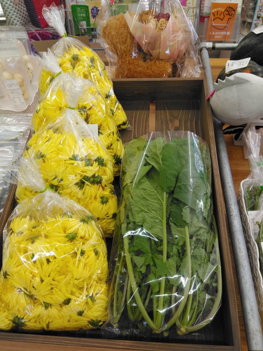 10/11(火)お知らせねぎ・食用菊が初入荷です。かぶ・いんげん・きゅうりが本日入りました。お越しをお待ちしております。
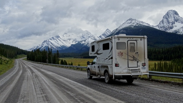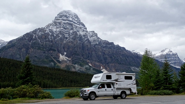 Wir sind wieder begeistert vom Icefiields Parkway-eine wunderschöne Straße.Auch wenn es nun mit unserer Forestry Trunk Road Einsamkeit vorbei ist........
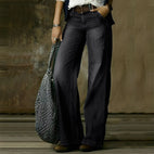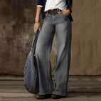 Gisselle-jeansen imponerer med sitt retro-inspirerte design med vide ben og høy midje. Laget av robust, men fleksibel denim, gir den en flatterende passform og en behagelig følelse. Den klassiske femlommestilen kompletterer utseendet og gjør denne jeansen til en allsidig følgesvenn for hverdag og fritid.
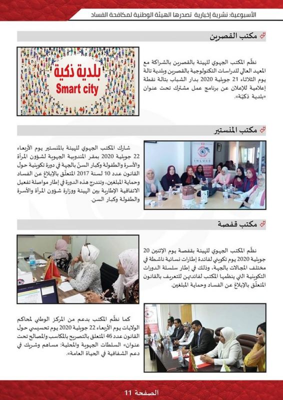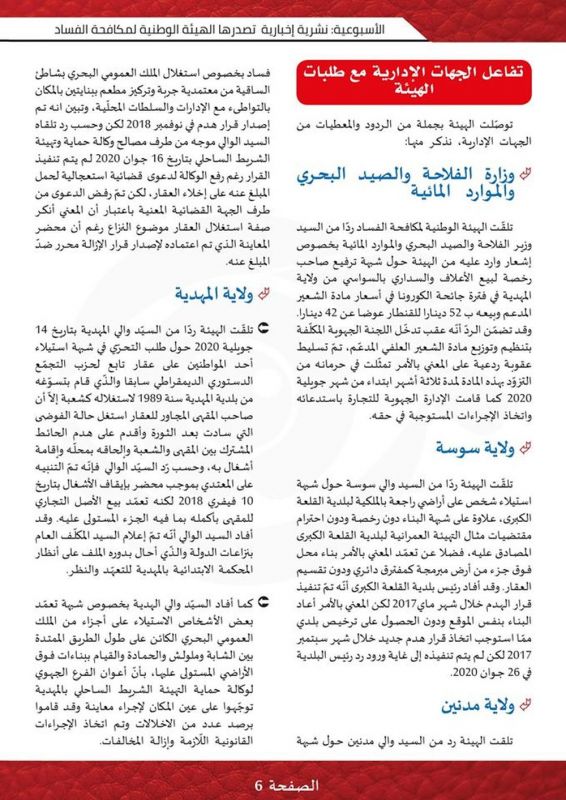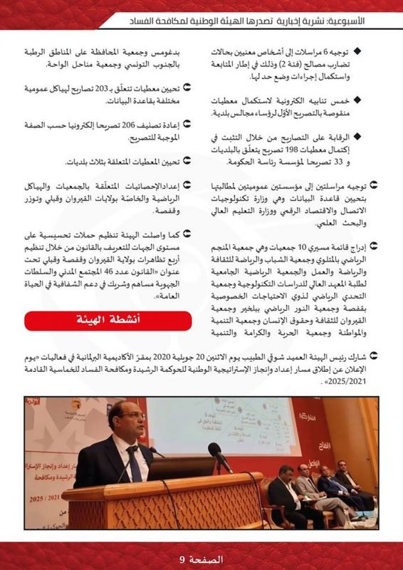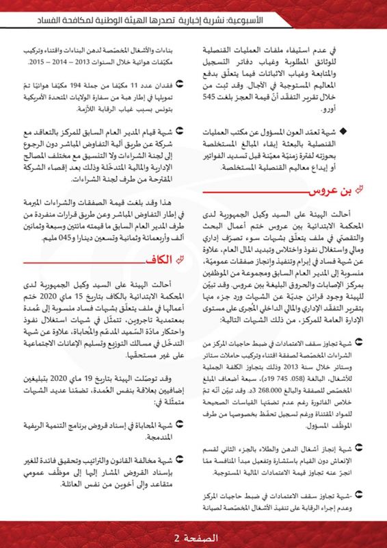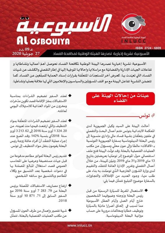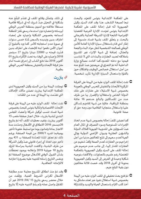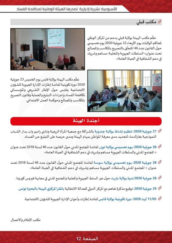 نشرت الهيئة الوطنيّة لمكافحة الفساد أمس نشرة إخبارية أسبوعية تحوصل أهمّ أعمالها ونشاطاتها وأهمّ تفاعلات الجهات الإداريّة والقضائيّة مع مراسلاتها وإحالاتها الموجّهة إليها في إطار التقصّي والكشف عن شبهات الفساد التّي تعهّدت بها، كآخر المستجدّات المتعلّقة بقرارات إسناد الحماية للمبلّغين عن الفساد.
******************************
§ WORK REQUIRED
Copy out all the data above exactly as written. Skip the pictures.

§ RESULT OF THE EXERCISE
 10/11(火)お知らせねぎ・食用菊が初入荷です。かぶ・いんげん・きゅうりが本日入りました。お越しをお待ちしております。
 Wir sind wieder begeistert vom Icefiields Parkway-eine wunderschöne Straße.Auch wenn es nun mit unserer Forestry Trunk Road Einsamkeit vorbei ist........
 Gisselle-jeansen imponerer med sitt retro-inspirerte design med vide ben og høy midje. Laget av robust, men fleksibel denim, gir den en flatterende passform og en behagelig følelse. Den klassiske femlommestilen kompletterer utseendet og gjør denne jeansen til en allsidig følgesvenn for hverdag og fritid.
 نشرت الهيئة الوطنيّة لمكافحة الفساد أمس نشرة إخبارية أسبوعية تحوصل أهمّ أعمالها ونشاطاتها وأهمّ تفاعلات الجهات الإداريّة والقضائيّة مع مراسلاتها وإحالاتها الموجّهة إليها في إطار التقصّي والكشف عن شبهات الفساد التّي تعهّدت بها، كآخر المستجدّات المتعلّقة بقرارات إسناد الحماية للمبلّغين عن الفساد.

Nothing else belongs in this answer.